There is a story about the great 8th century Indian scholar Shankara, who was an authority on the subject of Advaita Vedanta. He taught that the world is maya, normally translated illusion. Once he was teaching on the subject outside when suddenly a mad elephant came running toward them, destroying everything in its way, and injuring people. The people listening to Shankara started running. Seeing the elephant, Shankara also started running along with the crowd and escaped to safety. After the elephant was captured and everything settled down, he went back to teaching the people. A man in the group asked sarcastically Shankara, “If the whole world is maya, and then the elephant is maya. So why were you scared and run away?” Shankara replied “My running was also maya.”

This world is certainly not what we think it is. But it is something, and we better pay attention or we will be run over by a mad elephant! The fact that the universe has reality in the mind of God means that we are to take it seriously.
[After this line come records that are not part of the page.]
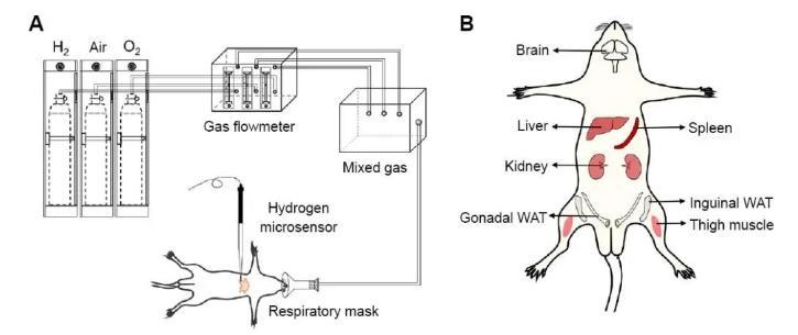 圖1:H2吸入裝置(A)和用于H2濃度測量的七種代表性目標組織(B)。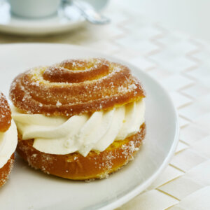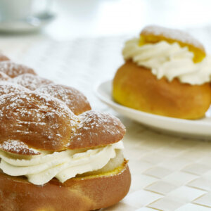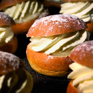 Semlefyllning med mandelbitar och en hög halt av god bakmassa.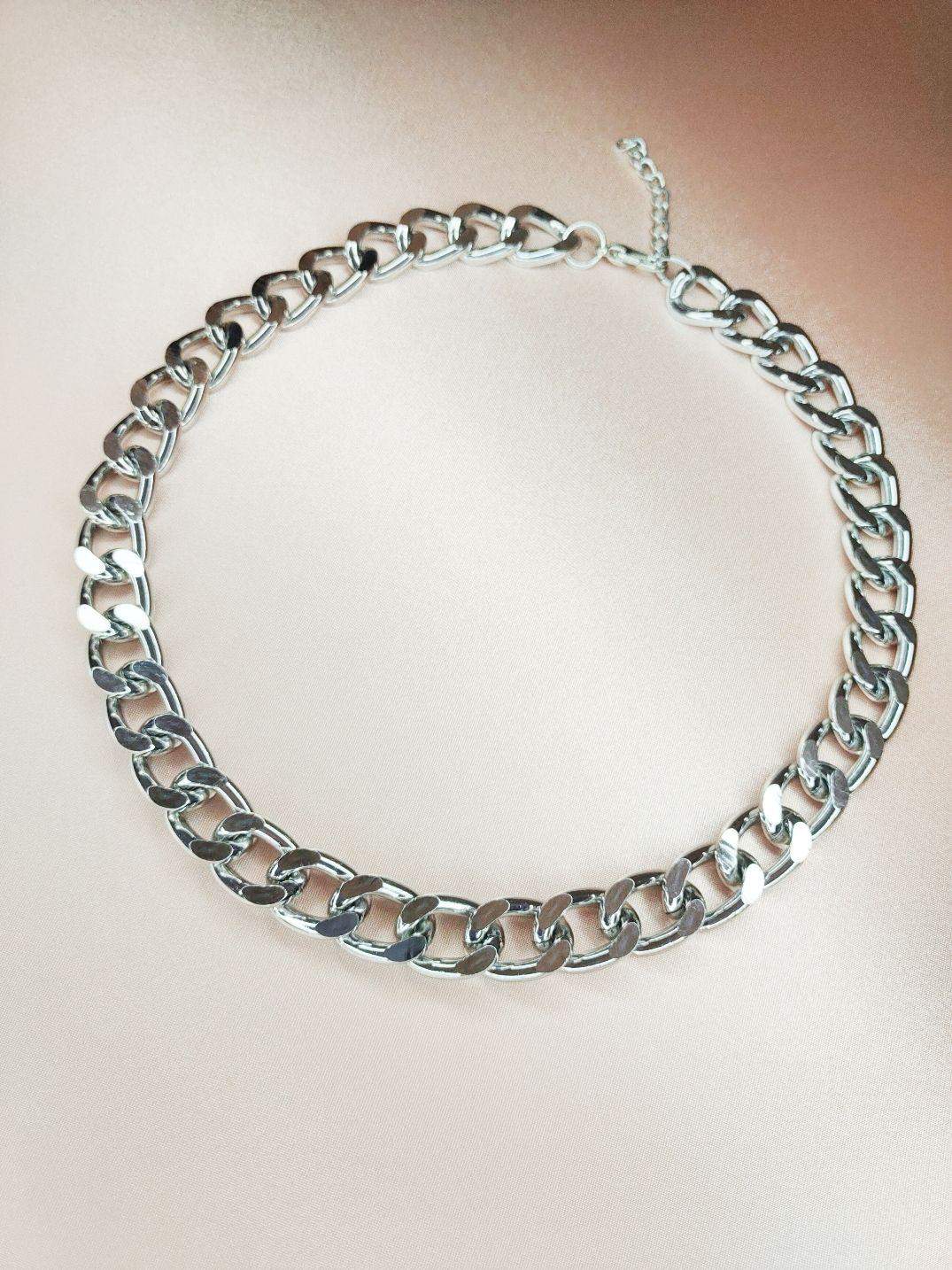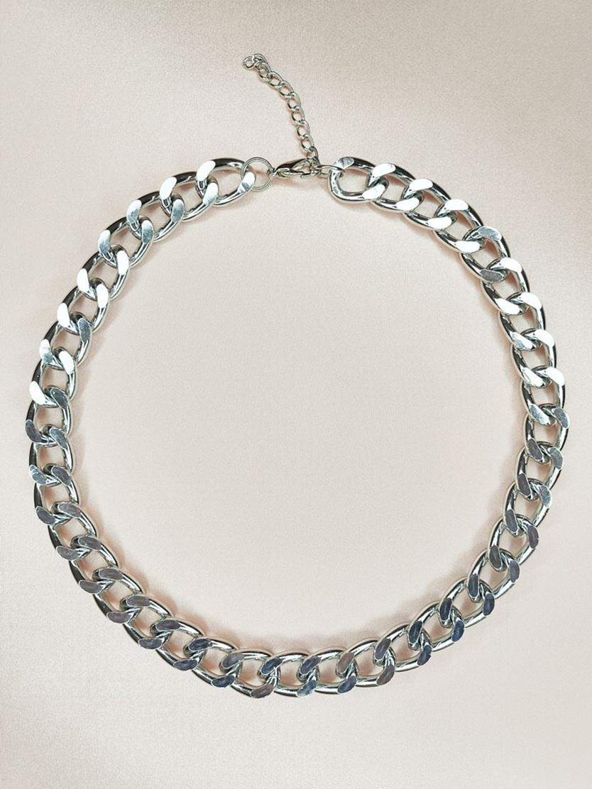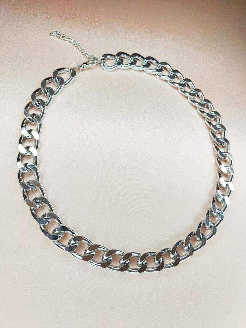 Błyszczący, lekki, metalowy łańcuszek w kolorze srebrnym dla dużego psiaka z regulowaną długością zapięcia.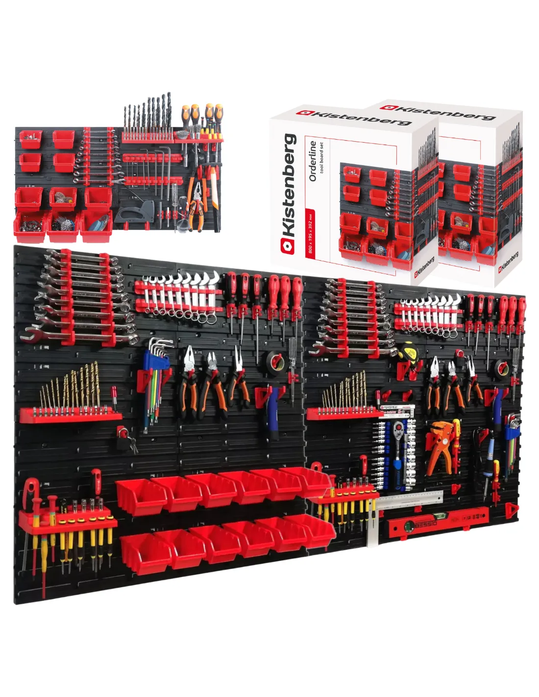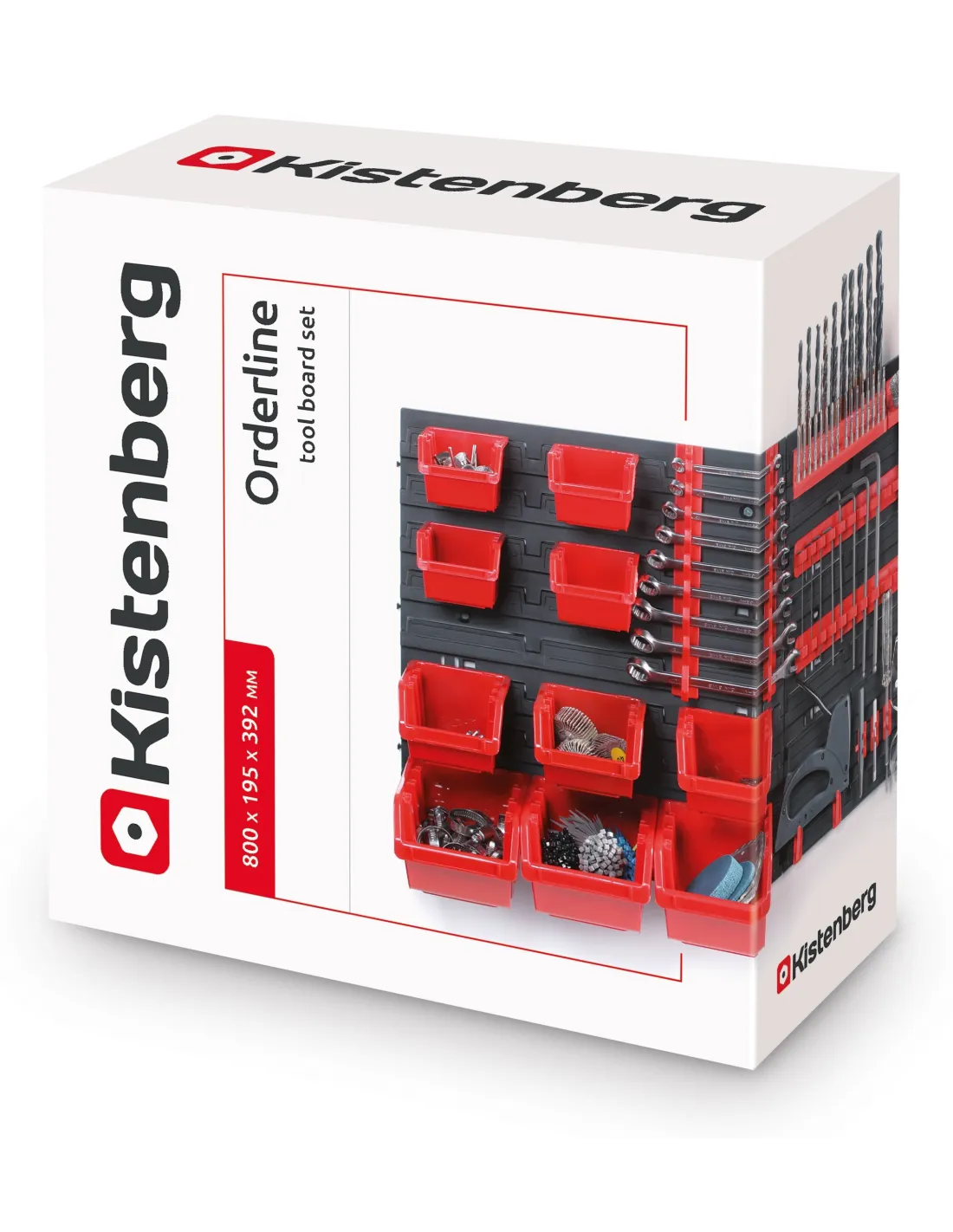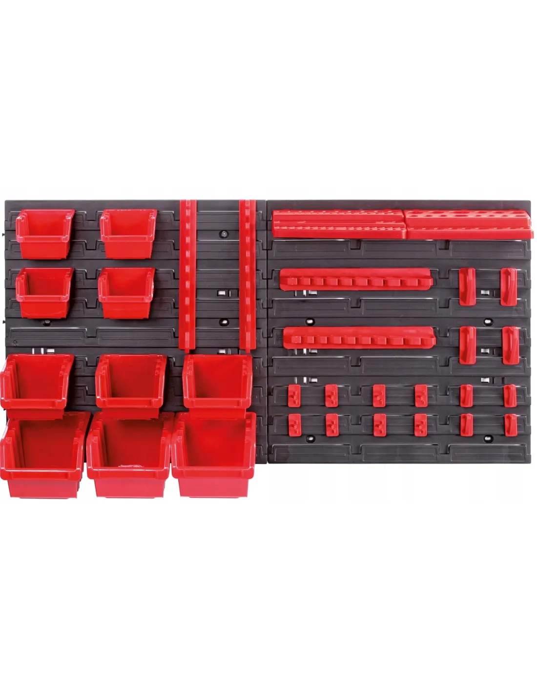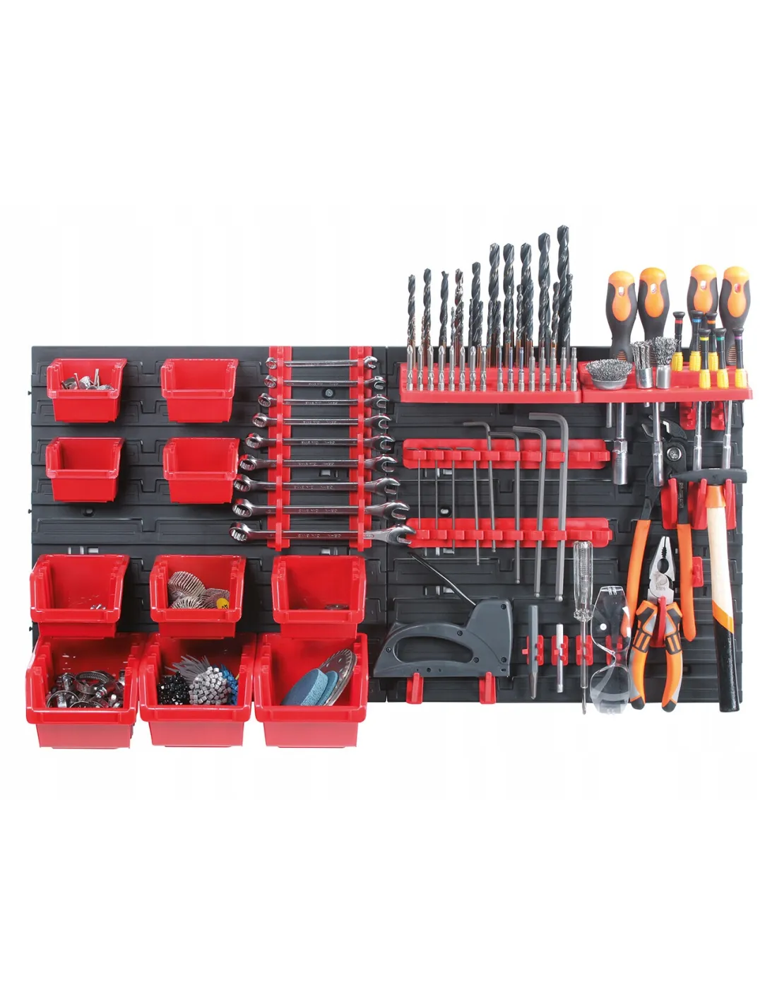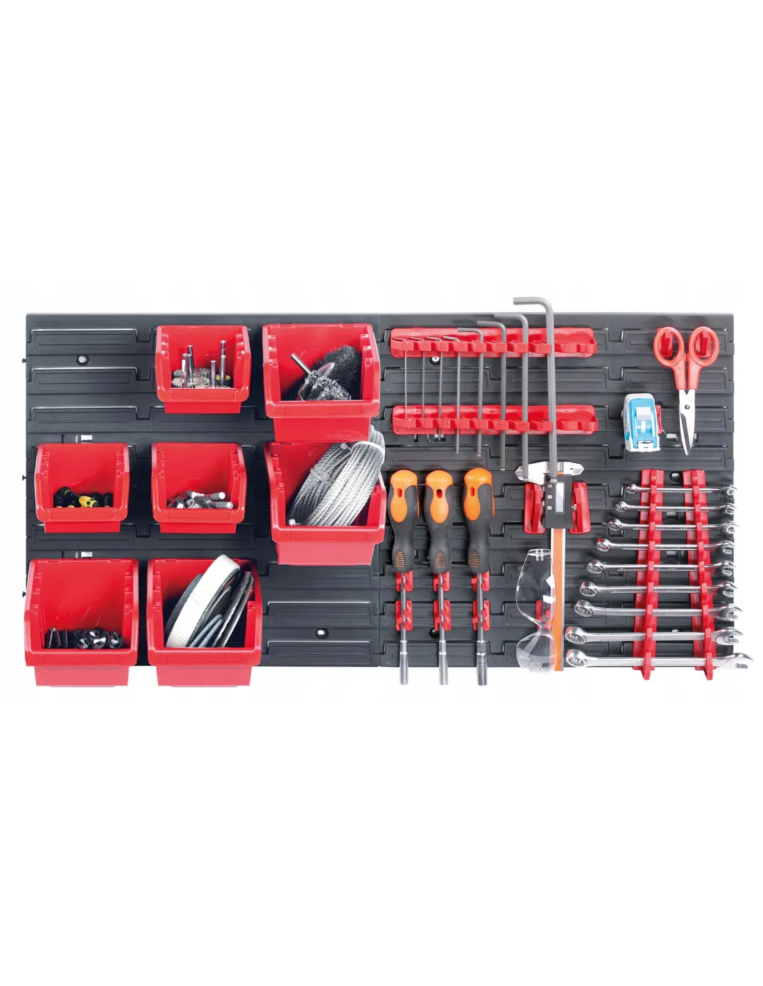 Łatwy montaż pojemników na tablicy pozwala na dowolne przemieszczanie ich w zależności od potrzeb. W każdej chwili można też pojemnik zdjąć, by uzyskać dostęp do zawartości. Dzięki uchwytom dołączonym do zestawu tablica szczególnie sprawdzi się w garażu czy warsztacie – wszystkie najpotrzebniejsze narzędzia będą zawsze pod ręką.

When we hear of children being abused, we cannot say, “It doesn’t matter. They are only illusion.” When we read of Black youth being killed by police officers who have taken it upon themselves to be judge, jury and executioner, we cannot say, “It doesn’t matter. It is only illusion.” It does matter. 

This world is the creation of the mind of God. That makes it real, even if it is not what we think it is. That makes it holy and precious and every life sacred. We are one with the One who has imagined this universe into existence. As such we have a responsibility for it and within it. This is where Christian nonduality can be a corrective to the variety that tends to retreat from the world because it does not really exist. 

So is this world illusion? Well, it is not what we think it is. We do not have a clue what it really is. Neither our senses nor our brains are equal to the task of knowing. But whatever this world is, it really is. This world is real because it is an expression of Reality, and you can’t get any more real than that! I call this Reality God, which makes this world holy and sacred. It is not to be trivialized or downplayed or ignored. That is why the biblical propjets took what happens in history so seriously. In God this world lives and moves and has its being, as the apostle Paul said. To know that is Truth is to wake up from illusion to Reality.